INTRODUCTION:
Ozone is a well known oxidizing reagent for the decolourization and partial oxidation of effluents released from pulp and paper industries1-5.It is capable of decomposing colouring substances, humicacid materials, tannins, lignin degraded products etc. at a faster rate without generating any toxic byproduct2.The application of ozone in pulp and paper industries has become more popular after the development of technology in producing low cost ozone which can be safely used for the production of total chlorine free(T.C.F) or elementally chlorine free(E.C.F) pulp. Although ozonization is a very good choice for the physical and chemical treatment of effluents released from pulp and paper industry, the exact mechanism and kinetics of ozone induced decolourization have not yet studied systematically.

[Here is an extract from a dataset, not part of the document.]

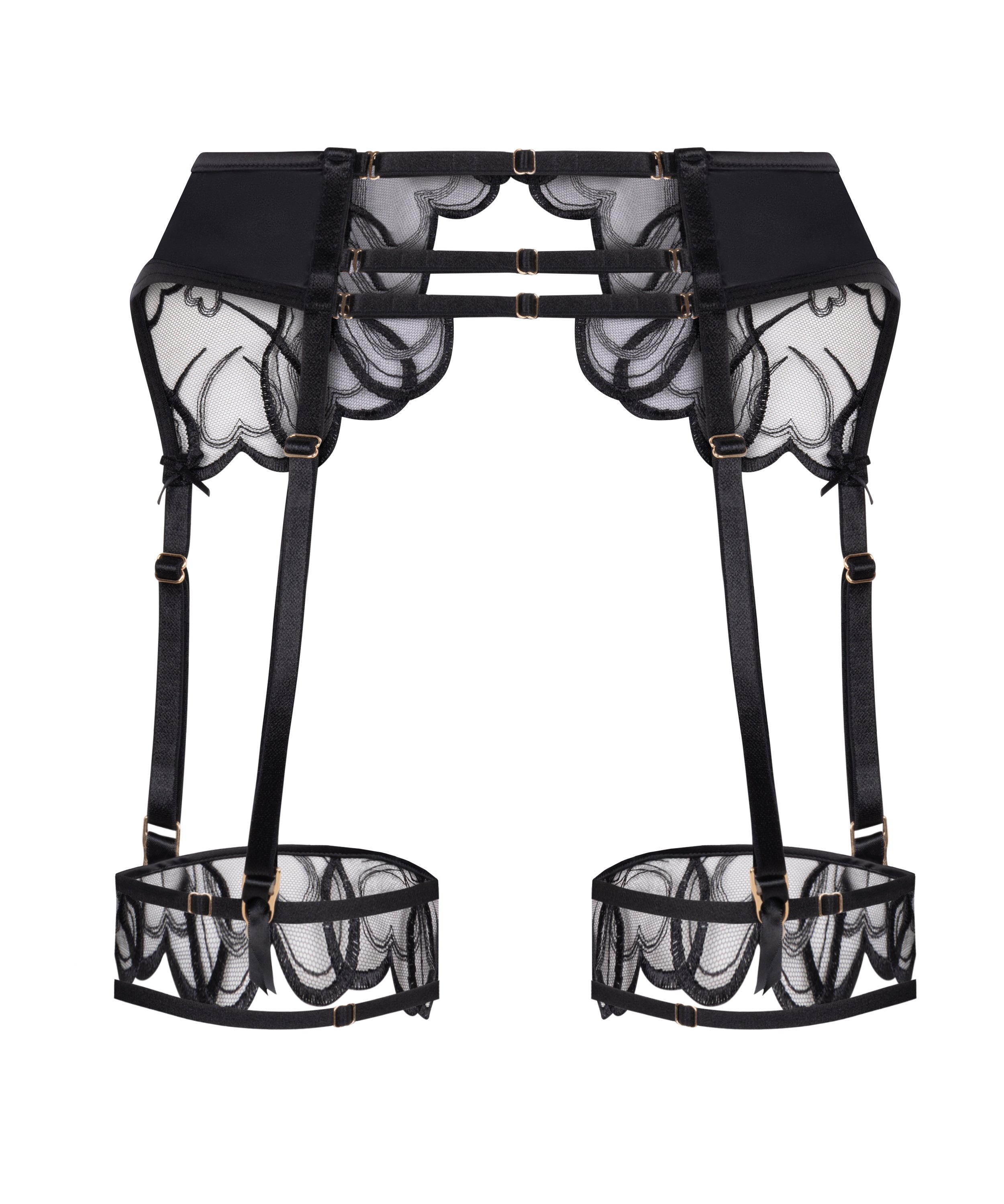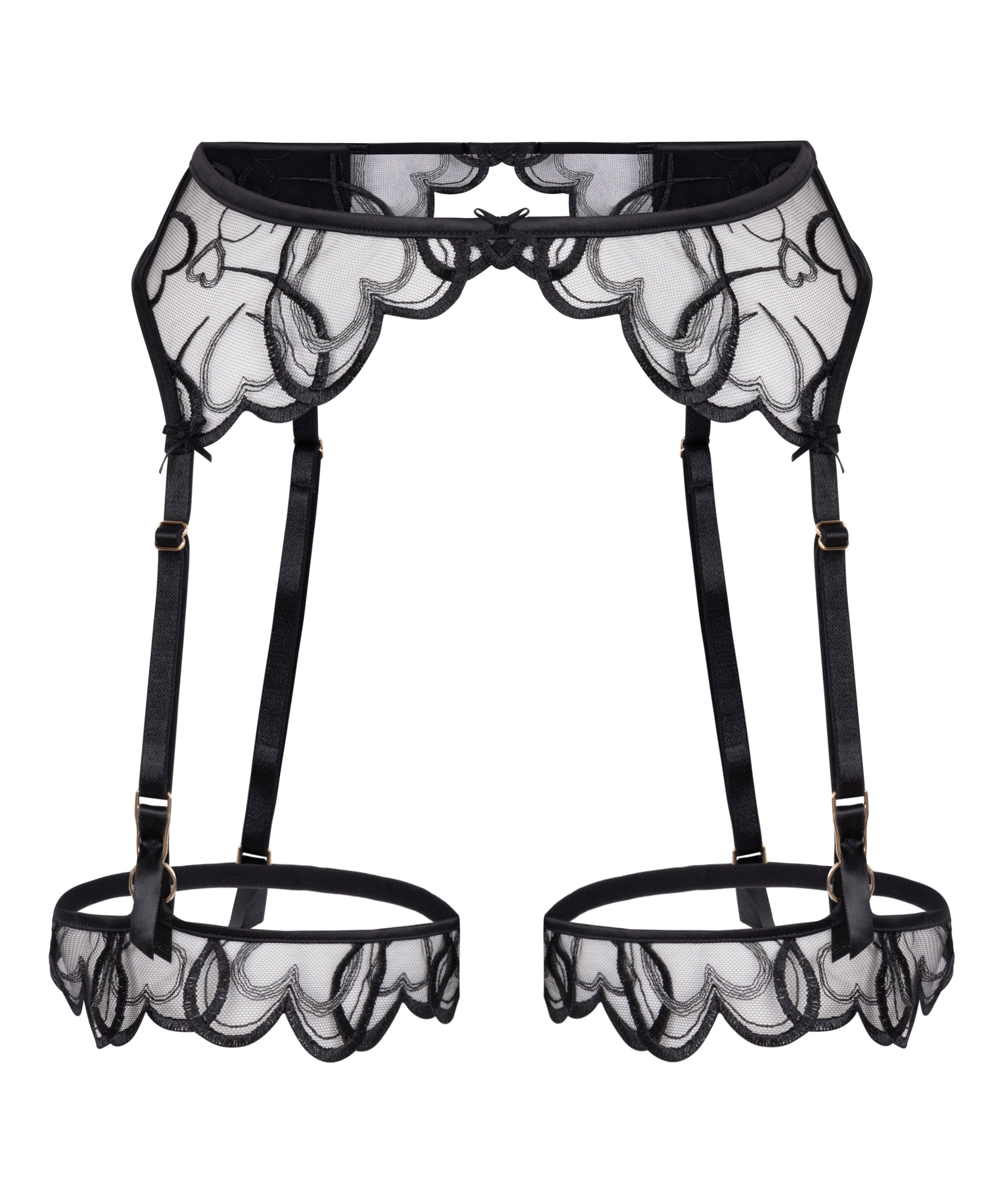 Tilføj et flirtende finish til dit lingerielook med denne romantiske hofteholder med fine hjerteformede blondedetaljer. Designet til at sidde behageligt i taljen og tilføjer et legende, men elegant touch til ethvert sæt. Justerbare stropper giver en perfekt pasform med dine yndlingsstrømper. Ideel at kombinere med den matchende bh og trusse!

In the present work an attempt has been made to study the kinetics of ozone induced decolourization of post oxygen (PO) stage effluent generated from a pulp and paper industry producing pulp with RDH cooking and OC/DEopD bleaching process to have an idea regarding the mechanism of degradation. The degradation kinetics is also monitored in presence and absence of catalyst to know whether the degradation process is further enhanced in presence of a catalyst.
MATERIALS AND METHODS:
The reagents used are of anal-R grade and are recrystallised or redistilled before use. For Ozone determination, the iodometric method as described in standard method has been followed6. The sample is collected in a 250 ml volumetric flask containing 10 ml of 0.1 N H2SO4 and 20 ml of 20 % KI solution. A blank is also set up and the titrations are carried out using 0.1M sodium thio-sulphate solution.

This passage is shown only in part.